LINKS PLAYERS MAGAZINE 2017 ANNUAL EDITION
By Jeff Hopper

Winter never really comes to Scottsdale, Arizona. Winter’s people do, though. Human snowbirds flock down from Montana and Minnesota, Iowa and Idaho. Escaping the howling winds and deep snows of the season in the north, they come for the chance to be outside when their friends back home are huddling around the fire and hoping not to have to dig themselves out in the morning.

Tour players set up house in Arizona and Florida for another reason. It gives them a chance to keep up the relentless work of competitive level play during the ever-shortening off-season. To remain in the thick of the points races and money lists, you can only skip so many beats these days. The youth are coming in waves and they’ll be happy to take your spot.

Aaron Baddeley was once such a young, undaunted star. He won the Australian Open as an 18-year-old amateur, edging out no lesser names than Greg Norman and Colin Montgomerie. A year later, he repeated the win, making it all look so easy. He spoke of matching Tiger Woods, of heading to America to play, of extending his success on even bigger stages. Turns out, easy wasn’t. But all the while something was happening to Baddeley. His desires were changing, and with this change came the ability to weather the ups and downs that define the life of so many tour players.

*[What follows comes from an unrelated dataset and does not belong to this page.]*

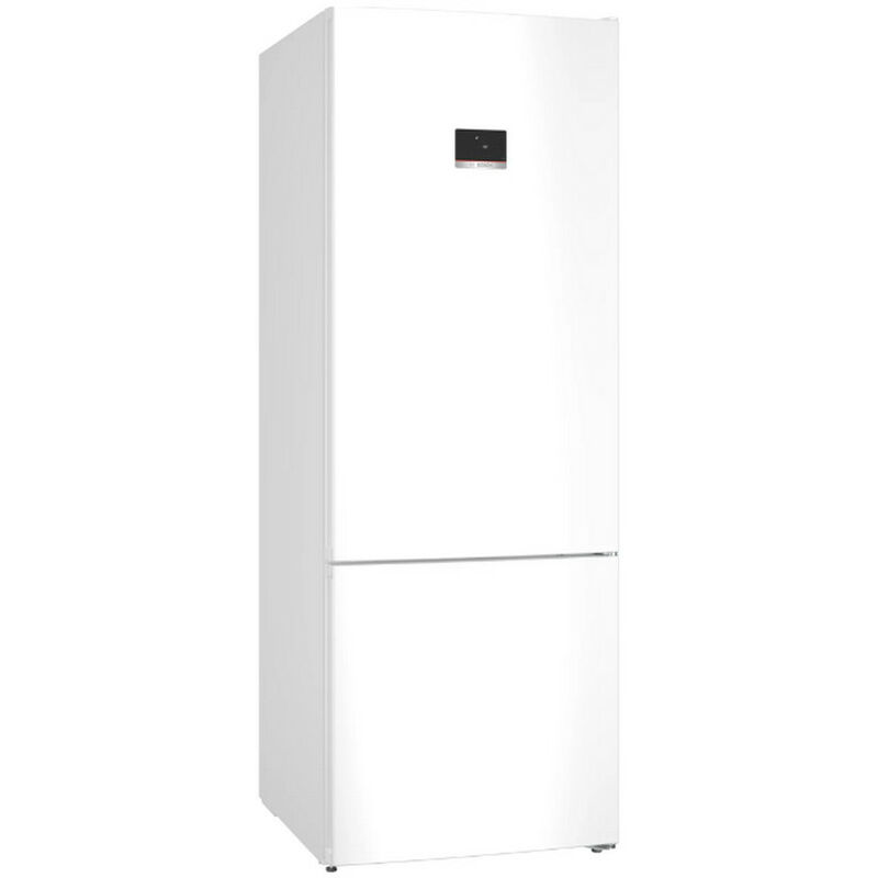 Frigorifero combinato Bosch Serie 4 KGN56XWEA NoFrost XXL con vani portaoggetti VitaFresh e grande capacità: conserva i cibi più a lungo. No Frost: lo sbrinamento del frigorifero e del congelatore è terminato. Capacità XXL: ancora più spazio per i tuoi prodotti freschi. VitaFresh mantiene i cibi freschi croccanti più a lungo: grazie a temperature molto basse per carne e pesce e livelli di umidità regolabili per frutta e verdura. Illuminazione LED: illuminazione uniforme del tuo frigorifero, senza abbagliamento. Vestibilità perfetta: installare il frigorifero direttamente contro il muro o contro un altro elettrodomestico non è più un problema. Tipo di prodotto: frigorifero combinato. Tipologia costruttiva: Autoportante. Volume totale: 508 l. Classe di efficienza energetica E su una scala da A a G. Consumo energetico: 262 kWh/anno. NoFrost MultiAirflow. Porte bianche. Maniglie verticali integrate. Regolazione elettronica con display della temperatura a LED. Ciascuna zona di temperatura

When we caught up with Baddeley in December, it was a Saturday afternoon. We had spent three weeks trying to connect, but his parents were in town from Australia, his four kids were starting him early and sending him to bed late, and he had that game to maintain ahead of the 2017 start in Hawaii.
About that game…

The night before we talked, the Baddeleys had turned on the television to watch something the kids wanted to see. Not a Christmas special. This was more like a home movie. On Golf Channel.

The 24-hour cable clearinghouse for all things golf was doing its usual yearend run-through of final rounds from throughout the season. And that Friday night it was showing the dramatic end of the Barbasol Championship.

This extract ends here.